Taking mental health seriously
Kiwis deserve mental health services that work. New Zealand’s mental health system won’t be fixed overnight, but we’re making changes so more people get the support they need. This includes rolling out a new frontline service that puts trained mental health workers in GP clinics, medical centres and iwi health providers, enabling people with mild or moderate needs to access support before issues reach a crisis point. In March this year alone, these services supported more than 9,500 people. We’ve started upgrading mental health and addiction facilities around the country, and building new ones to ensure they’re fit for purpose. We’re also increasing access to addiction support, boosting crisis services, and developing initiatives to prevent suicide and support the bereaved. We’re making sure children can access wellbeing support too, by expanding our Mana Ake programme around the country. We’ve invested in mental wellbeing initiatives for Rainbow young people, and lifted the cap on gender affirming surgeries, supporting the wellbeing of our trans whānau.

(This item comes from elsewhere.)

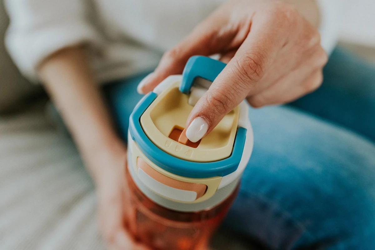 1: Druk’-positie: druk op de knop van onze drinkfles om een slok te nemen. Nooit meer morsen terwijl je haast naar de volgende meeting of al rennend je trein probeert te halen.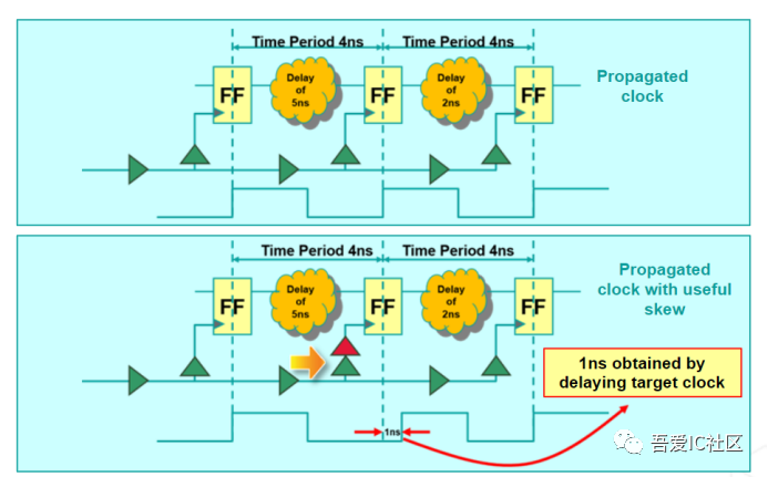 这种就是利用 clock skew 即把 FF1 和 FF2 的 skew 做的更大点来实现的。此时因为这个 skew 是对 timing 是有利的,所以我们称之为 useful skew。

Ensuring Kiwis can access lifesaving medicines and treatments
We’re providing an extra $200 million to PHARMAC so more New Zealanders can access the medicines, treatments, and medical devices they need. This increase – one of the biggest budget increases PHARMAC has ever had – will help an estimated 370,000 patients a year. This is on top of the significant funding increase we announced last year. We’ve also launched an independent review into PHARMAC, so we can make a good system even better. We’re also funding more cochlear implants for adults, on track to double the number of people who can access the life-changing device over this term.

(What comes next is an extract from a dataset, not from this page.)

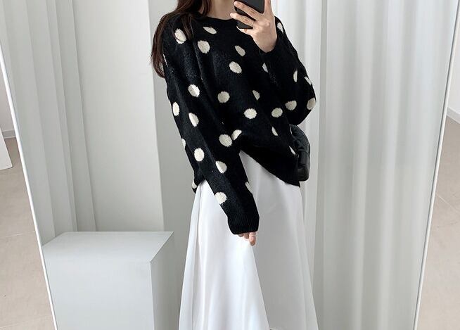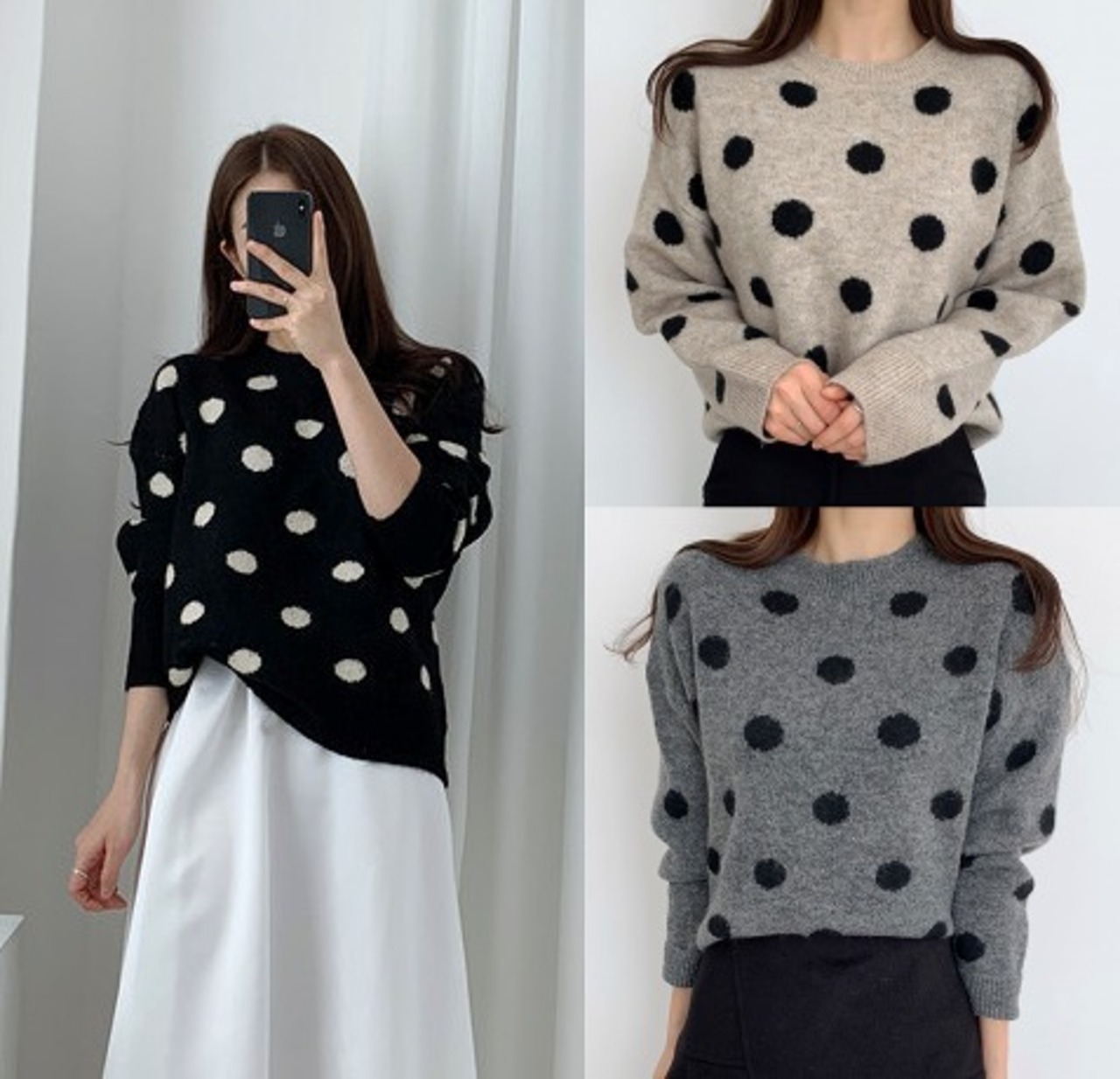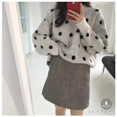ニット 厚手 長袖 バイカラー 体型カバー 着痩せ カットソー ドット柄 シンプル カジュアル カットソー 羽織り トップス 配色 水玉

Giving babies a better start
We’re improving care for mums and newborns to ensure whānau are better supported at this critical stage. We delivered the largest ever funding boost for primary maternity services, to improve support for community midwives, women, and babies. We’re working to grow the Māori and Pāsifika midwifery workforce to tackle underrepresentation, and our Best Start Kōwae suite of pregnancy assessment tools focuses on equitable access to healthcare for māma and pēpi Māori. We’ve also expanded the Pregnancy and Parenting Programme to help more women access alcohol and drug support.
We're committed to:
- Making mental health support available to all primary and intermediate school age students in the country, and continued roll out of nurses in secondary schools
- Additional $200m to reduce waiting lists
- Significant funding boost for PHARMAC to ensure more medicines can be funded for more New Zealanders
- Doubling the number of cochlear implants
- Dental health grants of up to $1000 for those on low incomes and 20 additional mobile dental clinics
You can read more here.
Labour is already rolling out our plan to protect the health of New Zealanders while investing to build up the capacity of our health services after years of underfunding. That’s why we are:
- Making record investment in our hospitals and health services including the biggest ever funding increase for DHBs, to ensure all New Zealanders can access quality care
- Boosting funding for PHARMAC to make sure New Zealanders continue to get the medicines they need despite global pressure on supply chains
- Increasing funding for planned care to deliver more than 150,000 additional surgeries, procedures, scans and appointments to help clear the COVID-19 backlog.